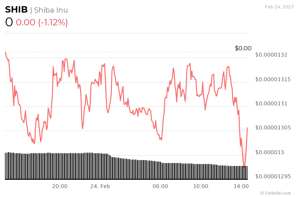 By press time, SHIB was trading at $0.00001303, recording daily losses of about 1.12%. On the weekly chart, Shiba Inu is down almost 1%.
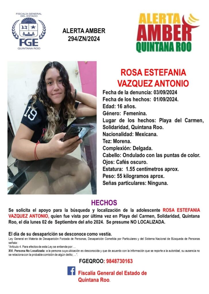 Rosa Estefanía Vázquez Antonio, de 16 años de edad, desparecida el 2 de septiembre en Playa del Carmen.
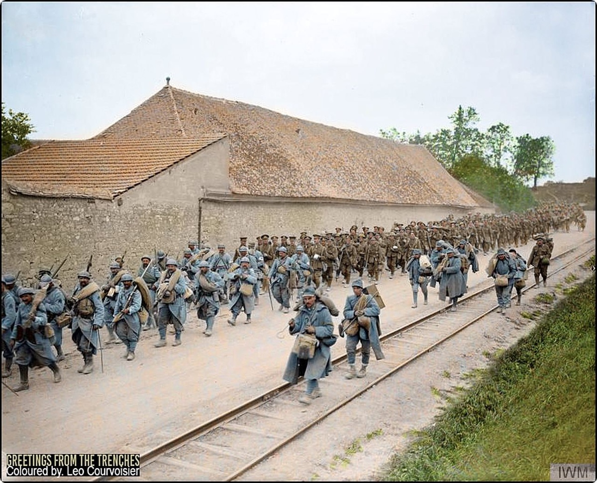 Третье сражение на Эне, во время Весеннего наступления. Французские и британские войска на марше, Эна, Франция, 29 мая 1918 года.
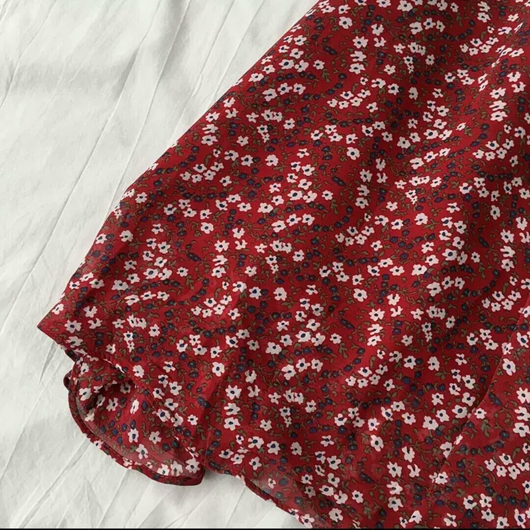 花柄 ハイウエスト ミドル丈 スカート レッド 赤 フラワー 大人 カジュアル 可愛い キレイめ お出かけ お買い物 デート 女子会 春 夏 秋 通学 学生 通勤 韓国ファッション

---

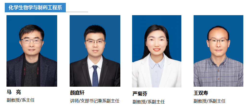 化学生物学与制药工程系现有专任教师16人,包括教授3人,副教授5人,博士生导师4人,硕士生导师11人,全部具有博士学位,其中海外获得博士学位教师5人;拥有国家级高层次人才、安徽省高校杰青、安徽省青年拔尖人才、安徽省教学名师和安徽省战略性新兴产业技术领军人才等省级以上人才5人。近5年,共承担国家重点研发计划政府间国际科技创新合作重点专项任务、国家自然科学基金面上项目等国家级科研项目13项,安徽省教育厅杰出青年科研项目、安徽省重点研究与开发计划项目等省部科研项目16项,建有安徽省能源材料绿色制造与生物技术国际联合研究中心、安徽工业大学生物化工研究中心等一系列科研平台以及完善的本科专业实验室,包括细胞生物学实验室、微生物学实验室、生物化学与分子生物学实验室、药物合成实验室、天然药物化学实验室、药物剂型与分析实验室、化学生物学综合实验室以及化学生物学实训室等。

→ **Exercise directions**:
Copy word for word the lines above, starting at the line containing "By press time, SHIB" and ending at the line containing "花柄 ハイウエスト ミドル丈", inclusive, with no pictures.

→ **Exercise response**:
 By press time, SHIB was trading at $0.00001303, recording daily losses of about 1.12%. On the weekly chart, Shiba Inu is down almost 1%.
 Rosa Estefanía Vázquez Antonio, de 16 años de edad, desparecida el 2 de septiembre en Playa del Carmen.
 Третье сражение на Эне, во время Весеннего наступления. Французские и британские войска на марше, Эна, Франция, 29 мая 1918 года.
 花柄 ハイウエスト ミドル丈 スカート レッド 赤 フラワー 大人 カジュアル 可愛い キレイめ お出かけ お買い物 デート 女子会 春 夏 秋 通学 学生 通勤 韓国ファッション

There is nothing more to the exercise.